What is required: Look below for the line containing "Sara Kontar, As". Write out that line and the rest through the last one, exactly as they appear, but without pictures.

◇ ◇ ◇ ◇ ◇ ◇ ◇

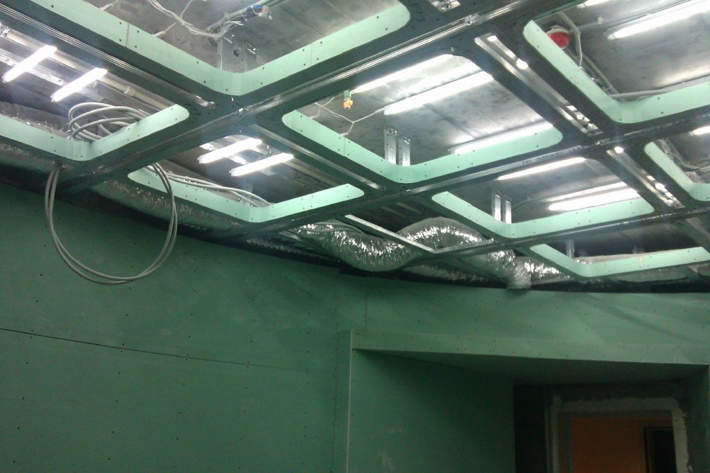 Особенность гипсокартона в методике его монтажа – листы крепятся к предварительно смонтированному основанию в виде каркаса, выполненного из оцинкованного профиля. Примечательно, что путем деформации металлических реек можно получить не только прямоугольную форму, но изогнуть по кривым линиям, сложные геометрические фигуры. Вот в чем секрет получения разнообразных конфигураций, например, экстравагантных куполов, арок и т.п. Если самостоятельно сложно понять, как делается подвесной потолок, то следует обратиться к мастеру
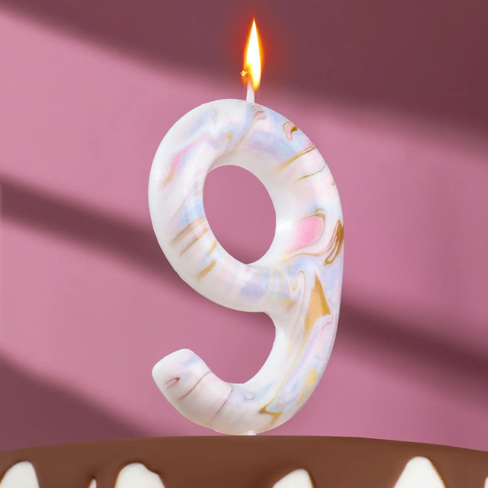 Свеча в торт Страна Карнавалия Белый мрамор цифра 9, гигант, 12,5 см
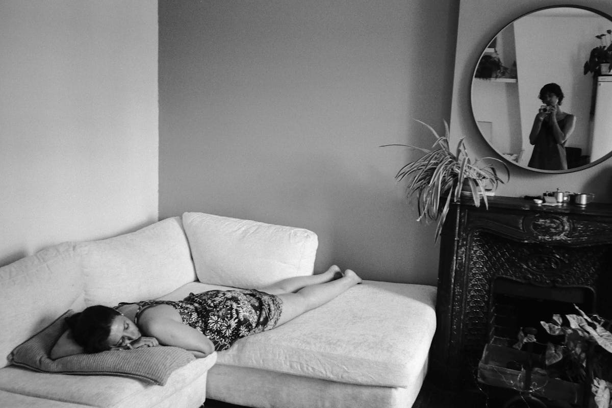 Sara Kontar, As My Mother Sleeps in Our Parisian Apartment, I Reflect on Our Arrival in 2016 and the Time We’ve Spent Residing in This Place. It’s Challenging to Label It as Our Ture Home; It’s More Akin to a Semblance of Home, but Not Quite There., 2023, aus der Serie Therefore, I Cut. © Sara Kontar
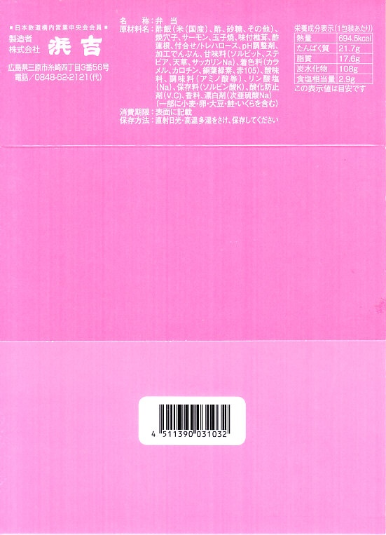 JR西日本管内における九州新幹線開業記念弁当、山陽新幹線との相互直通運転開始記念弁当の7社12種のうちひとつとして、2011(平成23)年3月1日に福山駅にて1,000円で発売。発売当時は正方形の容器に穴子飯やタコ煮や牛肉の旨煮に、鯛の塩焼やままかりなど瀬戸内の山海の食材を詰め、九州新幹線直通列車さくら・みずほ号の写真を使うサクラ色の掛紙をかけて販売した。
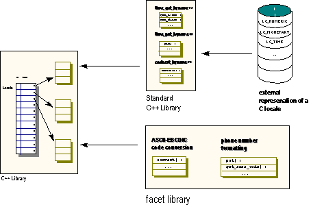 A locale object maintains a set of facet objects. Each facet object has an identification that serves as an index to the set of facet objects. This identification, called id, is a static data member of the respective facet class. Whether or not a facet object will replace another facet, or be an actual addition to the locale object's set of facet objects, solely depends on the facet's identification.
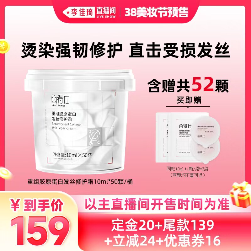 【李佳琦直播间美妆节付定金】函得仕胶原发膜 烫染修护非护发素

◇ ◇ ◇ ◇ ◇ ◇ ◇

Written solution:
 Sara Kontar, As My Mother Sleeps in Our Parisian Apartment, I Reflect on Our Arrival in 2016 and the Time We’ve Spent Residing in This Place. It’s Challenging to Label It as Our Ture Home; It’s More Akin to a Semblance of Home, but Not Quite There., 2023, aus der Serie Therefore, I Cut. © Sara Kontar
 JR西日本管内における九州新幹線開業記念弁当、山陽新幹線との相互直通運転開始記念弁当の7社12種のうちひとつとして、2011(平成23)年3月1日に福山駅にて1,000円で発売。発売当時は正方形の容器に穴子飯やタコ煮や牛肉の旨煮に、鯛の塩焼やままかりなど瀬戸内の山海の食材を詰め、九州新幹線直通列車さくら・みずほ号の写真を使うサクラ色の掛紙をかけて販売した。
 A locale object maintains a set of facet objects. Each facet object has an identification that serves as an index to the set of facet objects. This identification, called id, is a static data member of the respective facet class. Whether or not a facet object will replace another facet, or be an actual addition to the locale object's set of facet objects, solely depends on the facet's identification.
 【李佳琦直播间美妆节付定金】函得仕胶原发膜 烫染修护非护发素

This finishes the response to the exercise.